The maturity date came and went without payment, but the plaintiff extended the maturity date six times, amounting to a total increase to the principal of $2,500,000 ($1,000,000 from the first amendment and $1,500,000 from the second amendment [$250,000 x 6 extensions]). The plaintiff then moved for summary judgment in lieu of complaint under CPLR 3213 to recover $4,545,086 from the defendant and the defendant’s guarantors.
In opposition, the defendant claimed that because the plaintiff only loaned $2,249,996–instead of the $2,756,245.10 provided in the note–the $506,259.10 difference should be classified as interest, which, when annualized and added to the 16% interest rate in the note, amounted to an actual interest rate of 126.26%, well in excess of the 25% criminal usury rate.
The Court first noted that summary judgment would be denied regardless of the usury analysis because “it is not clear from the face of the pleadings how much is outstanding.” While the plaintiff’s notice of motion requested $5,545,086, an affirmation submitted along with the motion asserted that the amount due is $4,545,086. Thus, the plaintiff’s own contradictions would have defeated its motion for summary judgment in lieu of complaint.
The Two-Step Usury Analysis:
The Court detailed its two-step analysis in determining whether a transaction is usurious.
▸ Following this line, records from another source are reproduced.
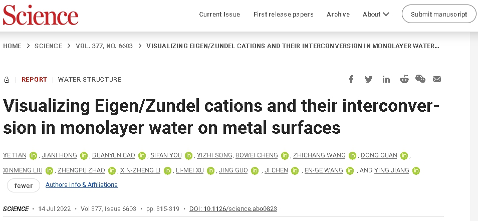 Y. Tian, J. Hong, D. Cao, S. You, Y. Song, B. Cheng, Z. Wang, D. Guan, X. Liu, Z. Zhao, X.-Z. Li, L.-M. Xu, J. Guo*, J. Chen*, E.-G. Wang* and Y. Jiang*, Visualizing Eigen/Zundel cations and their interconversion in monolayer water on metal surfaces, Science 377, 315-319 (2022). (https://www.science.org/doi/10.1126/science.abo0823)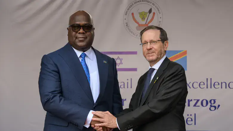 تطرقت القناة الإسرائيلية السابعة لزيارة هرتسوغ إلى جمهورية الكونغو الديمقراطية، وهي الزيارة التي استمرت ساعات قليلة فقط، ولدى وصوله، استُقْبِلَ في مراسم رسمية أُقيمت في القصر الرئاسي مِن قِبَل رئيس الكونغو، فيليكس تشيسكيدي، بعدها عقد الزعيمان اجتماعًا سياسيًّا، وفي نهايته أدليا بتصريحات مشتركة لوسائل الإعلام.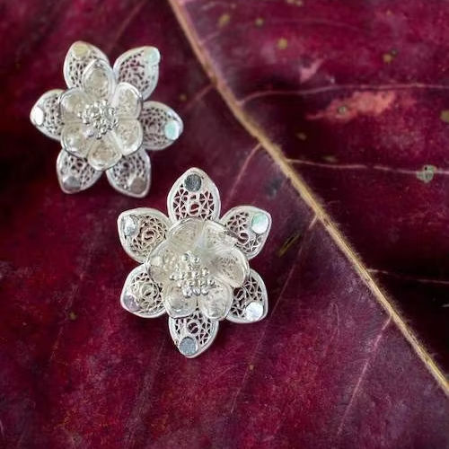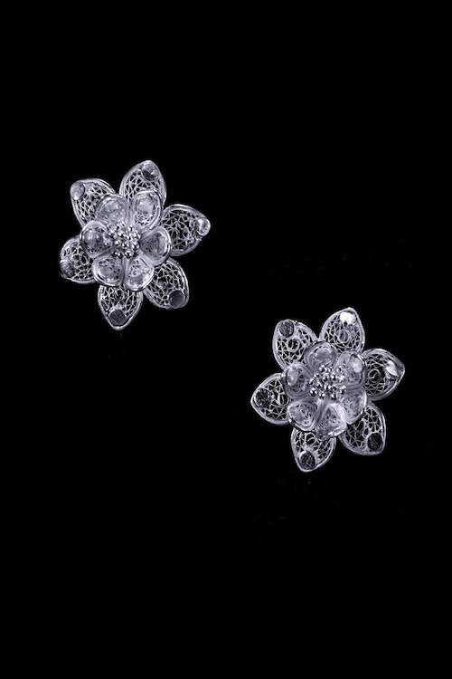 Type:Silver Linings Lotus Studs Silver Filigree Earrings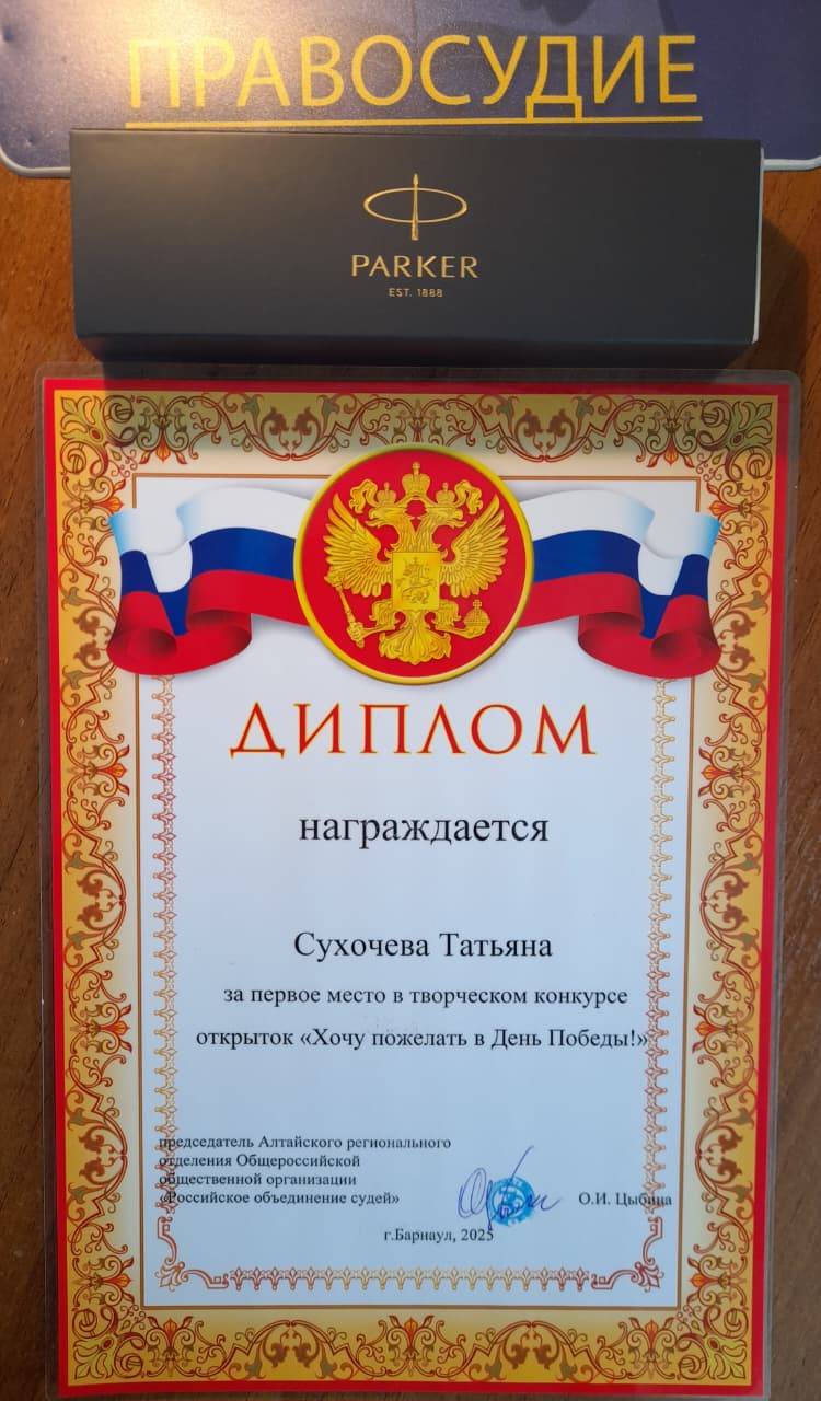 23.09.2025 на оперативном совещании суда председателем суда Четвертных А.В. вручен секретарю судебного заседания Сухочевой Светлане Владимировне диплом, которым её дочь Сухочева Татьяна награждена за первое место в творческом конкурсе открыток «Хочу пожелать в День Победы!», а также памятный подарок.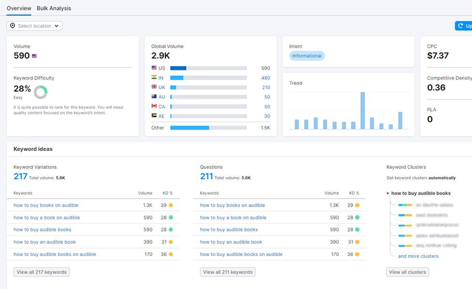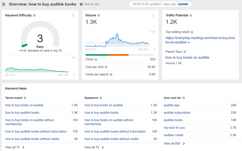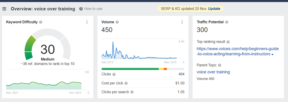 Ahrefs has free separate tools, such as a free difficulty checker and volume checker, but it gets time-consuming to alternate between these tools.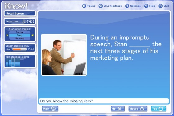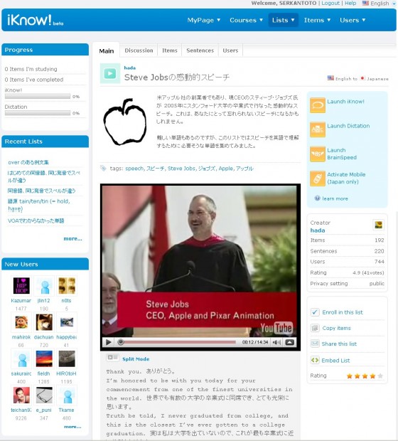 The free site’s key element is the social network functionality, combined with extensive video, image, audio and gaming content. iKnow users are supposed to not only study on the site but also to accelerate the learning process by creating content and sharing this content with others. In this example, a user uploaded a YouTube clip of the first presidential debate between Barack Obama and John McCain and extracted key items and sentences himself. Here Steve Jobs teaches Japanese people English via a similarly processed video. Other users can now systematically learn these items in a structured lesson the system semi-automatically creates based on the user-generated content.

First, the Court looked to whether the note exceeded $2,500,000, because if the note exceeds $2,500,000, the usury laws are inapplicable. Second, the Court calculated the note’s actual interest rate.
Given the plaintiff’s admission that, in fact, only $2,249,996 was loaned to the defendant, the Court found that the loan fell short of the $2,500,000 maximum and thus the usury laws applied.
The Court then calculated the interest rate by calculating the total annual interest received and then dividing that sum by the amount that the debtor actually received. According to the Court’s calculation, the interest rate came out to 42.1%, clearly exceeding the criminal usury rate, albeit by a smaller margin than the defendant’s calculation. As a result, the Court deemed the note and its amendments void ab initio.
Takeaway:
In sum, the JADR decision serves as a cautionary tale for two reasons. First, when submitting a motion for summary judgment in lieu of complaint under CPLR 3213, plaintiffs should ensure that there are no issues of fact in their own pleadings. A voluntary contradiction proves detrimental to such a motion. Second, creditors should be aware of how a court calculates interest rates and the loan principal. The Court in JADR did not look only at the note’s terms but looked to the operative reality of the loan.